The archipelago of Valaam, the Solovetsky Islands and the Kizhi Island are included the UNESCO World Heritage List. These islands are world-famous for their pristine wilderness and the unique extant architectural sites

Paying a Visit to the Writers

The two names that are strongly associated with the words “Russian Literature” are Fyodor Dostoyevsky and Leo Tolstoy. Places connected with Fyodor Dostoyevsky are located in St. Petersburg (remember to visit the Raskolnikov House), whereas to pay a visit to Leo Tolstoy you will have to go to Yasnaya Polyana. Yasnaya Polyana is an estate near Tula city, where Leo Tolstoy was born, where he lived and created his masterpieces, including War and Peace and Anna Karenina. The estate was developed by Nikolai Volkonsky, Leo Tolstoy’s grandfather, who became the prototype of the old Prince Bolkonsky in War and Peace. In other words, this place is awash with literature. Apart from the meticulously reconstructed genuine interior environment of the writer’s house, his library and personal belongings, Yasnaya Polyana can boast of rich cultural life. It often hosts workshops and conferences, lectures and concerts. Yasnaya Polyana even has a literary award of its own.

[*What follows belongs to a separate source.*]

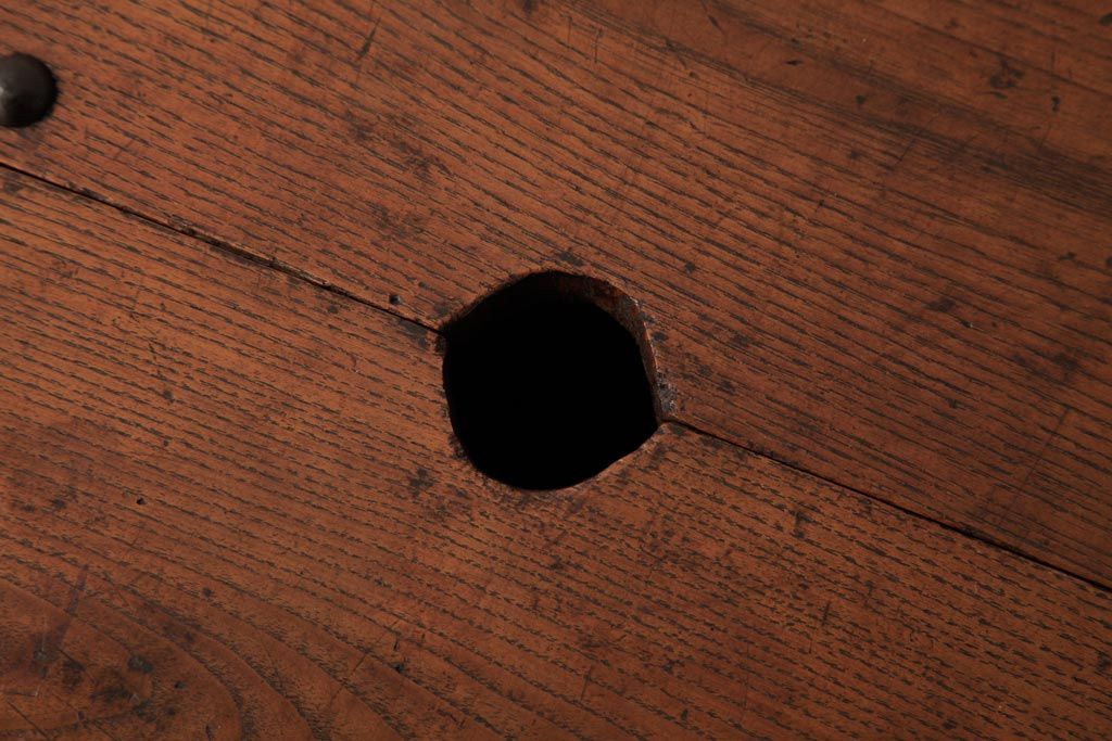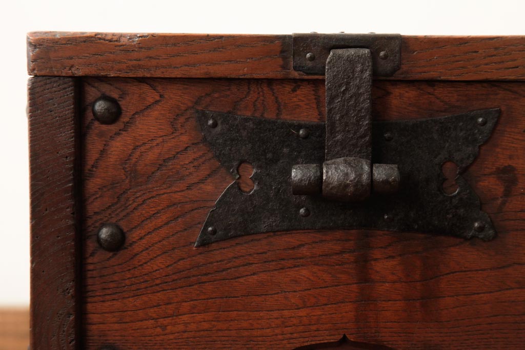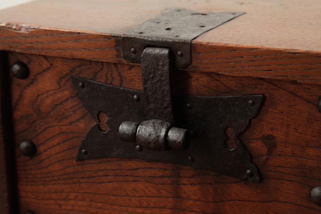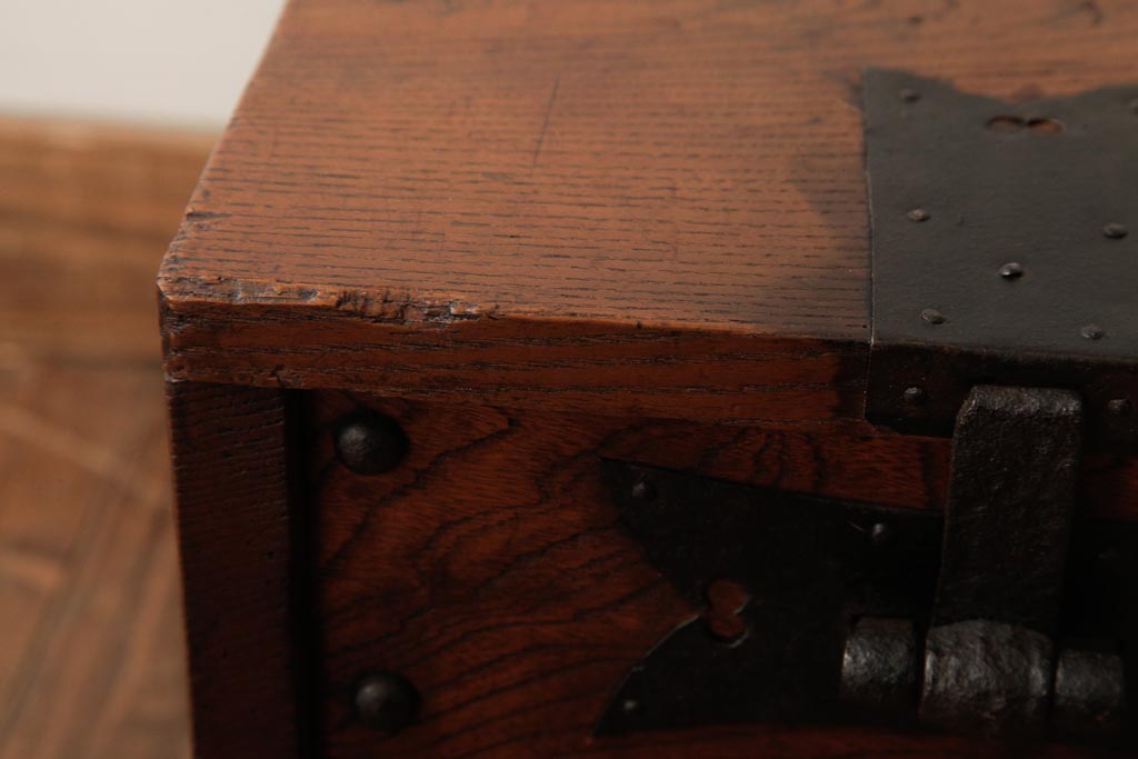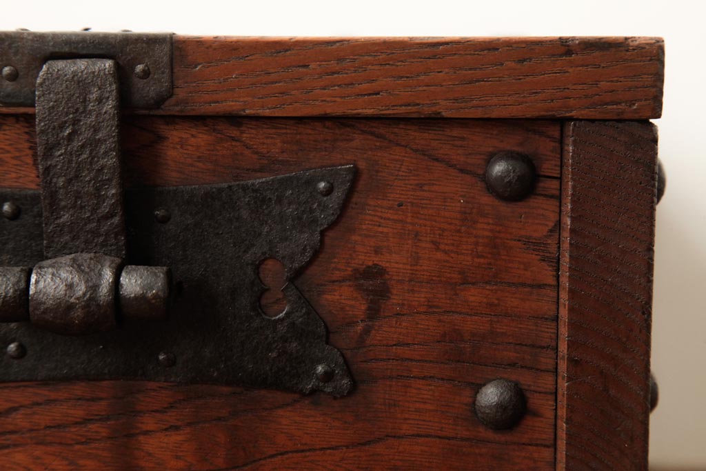 骨董・美術品 > アンティーク雑貨 古民具・骨董 明治大正期 総栗材 金具が風格を漂わせる銭箱(銭函)(R-039267)

If outside Russia they mostly know Fyodor Dostoyevsky and Leo Tolstoy, Russians themselves believe poet Alexander Pushkin to be their greatest literary figure. Once you are in Russia, take a chance to learn more about him. His family estate of Mikhaylovskoye is located near Pskov city and is known almost to every schoolchild in Russia. Actually, Mikhaylovskoye Museum Reserve unites three estates. First one, named Trigorskoye, belonged to the Osipov-Wolfs family, friends of Alexander Pushkin, whose daughters believed themselves to be the prototypes of characters of Eugene Onegin novel in verse. In the second estate, named Petrovskoye, you will dive in the lifestyle of a Russian country estate of the 19th century. The third estate is Mikhaylovskoye itself. This is here that the poet who fell into disfavor spent two years of his exile and, in search of a new style, introduced realism into the Russian literature.